_Required action_
Below are some records; quote exactly the lines from the one that contains "整合海量财经职业教育公开课程" through the one that contains "Ak Glückwunsch Neujahr, 1.", inclusive, and no others.
____ Exercise data
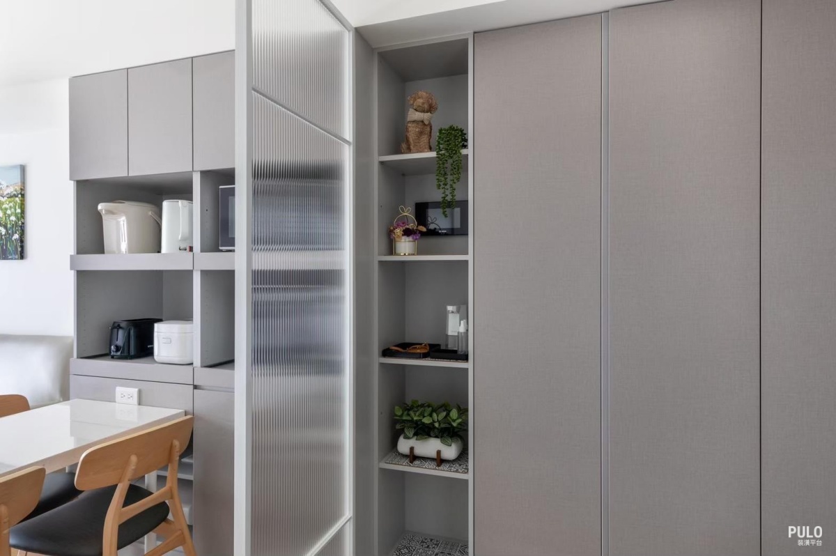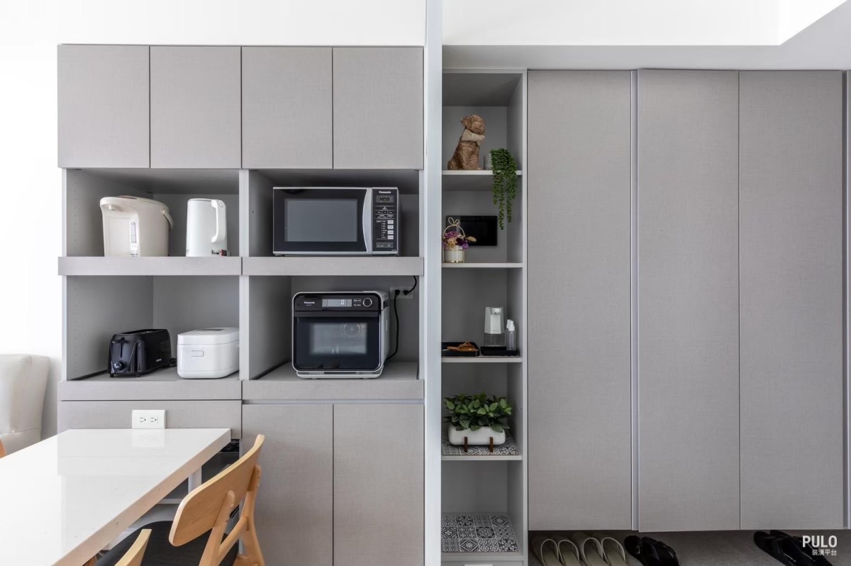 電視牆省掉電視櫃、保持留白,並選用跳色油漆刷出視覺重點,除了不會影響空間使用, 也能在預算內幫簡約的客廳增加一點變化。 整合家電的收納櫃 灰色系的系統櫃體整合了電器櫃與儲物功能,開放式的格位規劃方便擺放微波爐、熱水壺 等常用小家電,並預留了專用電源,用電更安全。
________
____ Exercise data
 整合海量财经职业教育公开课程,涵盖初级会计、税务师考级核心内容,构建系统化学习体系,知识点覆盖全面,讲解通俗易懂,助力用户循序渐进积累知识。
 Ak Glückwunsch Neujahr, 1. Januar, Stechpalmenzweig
________
_Answer to this exercise_
 整合海量财经职业教育公开课程,涵盖初级会计、税务师考级核心内容,构建系统化学习体系,知识点覆盖全面,讲解通俗易懂,助力用户循序渐进积累知识。
 Ak Glückwunsch Neujahr, 1. Januar, Stechpalmenzweig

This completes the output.